The other area where you’re going to see drivers of workloads is that people get to search for data related to what their general angle of inquiry is in a much more effective manner than they have been able before. And this is also where it’s very important that you can search beyond enterprise boundaries, because the context of data is not limited by your enterprise boundaries. We can go on and on and on about our use cases, there is a million of them.
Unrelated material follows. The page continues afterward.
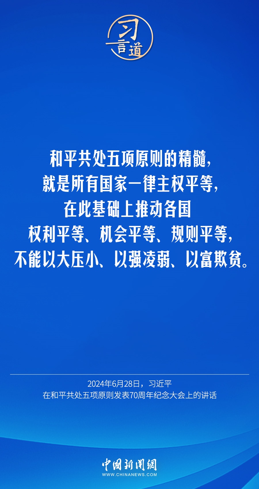 6月28日,國家主席習近平在北京人民大會堂出席和平共處五項原則發(fā)表70周年紀念大會并發(fā)表重要講話。習近平指出——

As you get further down, you can start asking really, really hard questions that in prior periods, prior eras, we really needed to launch whole analyst teams to go research and investigate topics, where now the data will be able to — the systems will be able to generate queries and the type of data that will immediately, very, very quickly begin to generate insights.
And that’s by the way, that’s going to become the leading edge for structured proprietary data, which is, of course, the center of our universe.
Mike Scarpelli: And on your question on net revenue retention, I just want to remind you I’m not going to guide to net revenue retention. But I do think over time it is going to continue to converge closer to our growth rate. I do think it will stabilize, but I do expect it’s going to come down slightly from where it’s at right now just in what we’re seeing today.
Operator: Thank you. The next question will be from the line of Brad Zelnick with Deutsche Bank. Your line is now open.
Brad Zelnick: Great, thank you so much. I’ve got one for Frank and one for Mike. Frank, stable edges continue to tick up, which is great to see, and I know it’s an important metric for the company and its strategic vision. Anything else perhaps qualitative that you can share in terms of how data sharing is progressing? And for you Mike, great to see the margin upside, everybody is happy about it. But with such a huge opportunity, how can you be sure you’re striking the right balance of investment, especially when you’re up against such well-capitalized competitors? Thanks, guys.
Frank Slootman: On the topic of data sharing, we instrument that whole side of the business very, very carefully and we drive it on a quarterly basis. But sometimes data edges are very enterprise-specific. In other words, they just have things, the use cases, that just pertain to their business and these are bilateral relationships between Snowflake accounts and different institutions. But where it gets really interesting, where you get real network effect kicking in, is when you have industries or sub-industries where data sharing just makes sense. And obviously, in financial institutions, because financial institutions inherently have been pumping data around in massive, massive volumes for — literally for generations. This is an absolute no-brainer.
And we do the vast majority, historically data edges have been in the financial services sectors become almost a standard. This is how we move data from A to B to C. Asset management particularly has a really big need for that. But the other area, and again, this is an industry, in supply chain management. I mean, in the supply chain, there are multiple entities to the degree that they all have Snowflake accounts, it’s very easy to get visibility and supply chain across entities and being able to flag supply chain events much earlier and get visibility to that. So once you’re in a supply chain, there need to be on Snowflake and share data with your supply chain partners is going to become very, very compelling. And we announced at Summit and even earlier our relationship with Blue Yonder, for example, which is really the largest software company in the world in supply chain management, that they are re-platforming on Snowflake.
So, we think that’s another sort industry/sub-industry where every manufacturer, every retailer is going to become an opportunity for us. So it’s a little bit of color on how these things develop from our perspective.